Problem. For the entries that follow, retype exactly the lines from the one containing "Noon, buffet bas" to the one containing "Смеситель для душа", inclusive, and only those. Images stay out of the copy.

Material provided.
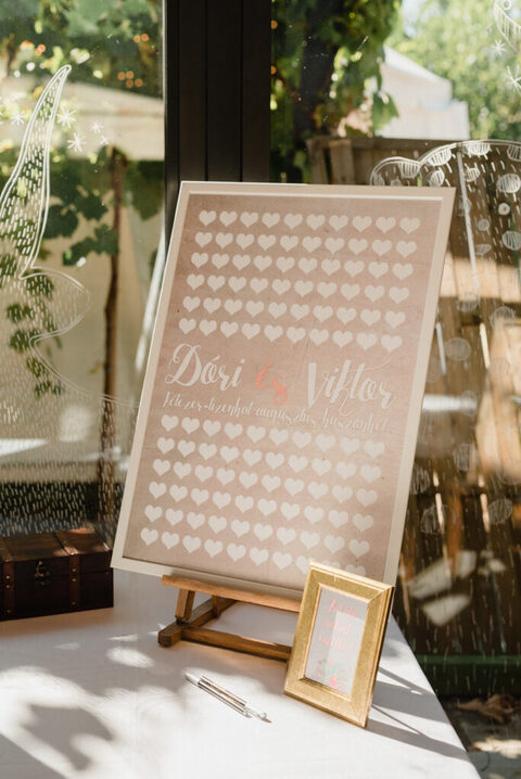 Egyik kedvencem a jókívánságkártyák voltak, amiknél a vendégek feladata volt, hogy a kitöltsék, ezzel üzenve a Párnak. Ezt a pár az esküvő végén hazavitte és másnap visszagondolva a Nagy Napra elolvashatta. :)
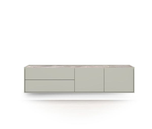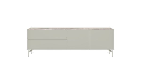 Noon, buffet bas 170 cm - 2-portes + 2-tiroirs - plateau en HPL light grey
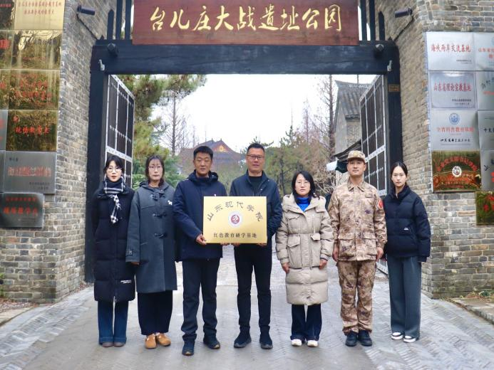 台儿庄作为“中华民族扬威不屈之地”,拥有台儿庄大战纪念馆、大战遗址公园等丰富红色资源,是全国首批“大思政课”实践教学基地。在全体参与人员的共同见证下,校地双方代表共同为“山东现代学院红色研学基地”挂牌。
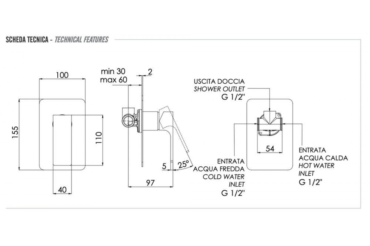 Смеситель для душа Remer Absolute AU30NO, чёрный матовый
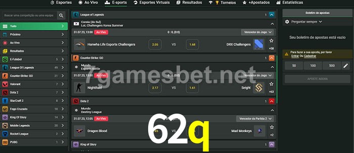 O 62q oferece uma grande seleção de opções de apostas em e-sports com probabilidades competitivas
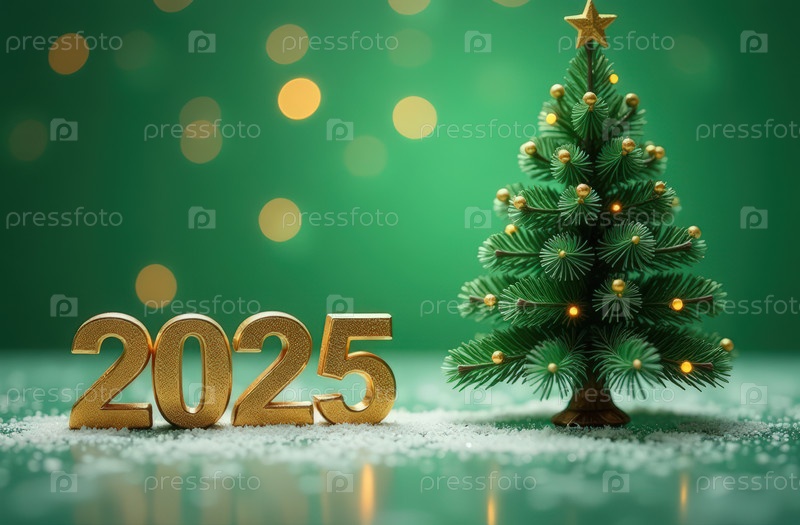 Новогодняя открытка с цифрами 2025 и рождественская елка в золотом и зеленом цветах с боком и копировальным пространством

Task solution.
 Noon, buffet bas 170 cm - 2-portes + 2-tiroirs - plateau en HPL light grey
 台儿庄作为“中华民族扬威不屈之地”,拥有台儿庄大战纪念馆、大战遗址公园等丰富红色资源,是全国首批“大思政课”实践教学基地。在全体参与人员的共同见证下,校地双方代表共同为“山东现代学院红色研学基地”挂牌。
 Смеситель для душа Remer Absolute AU30NO, чёрный матовый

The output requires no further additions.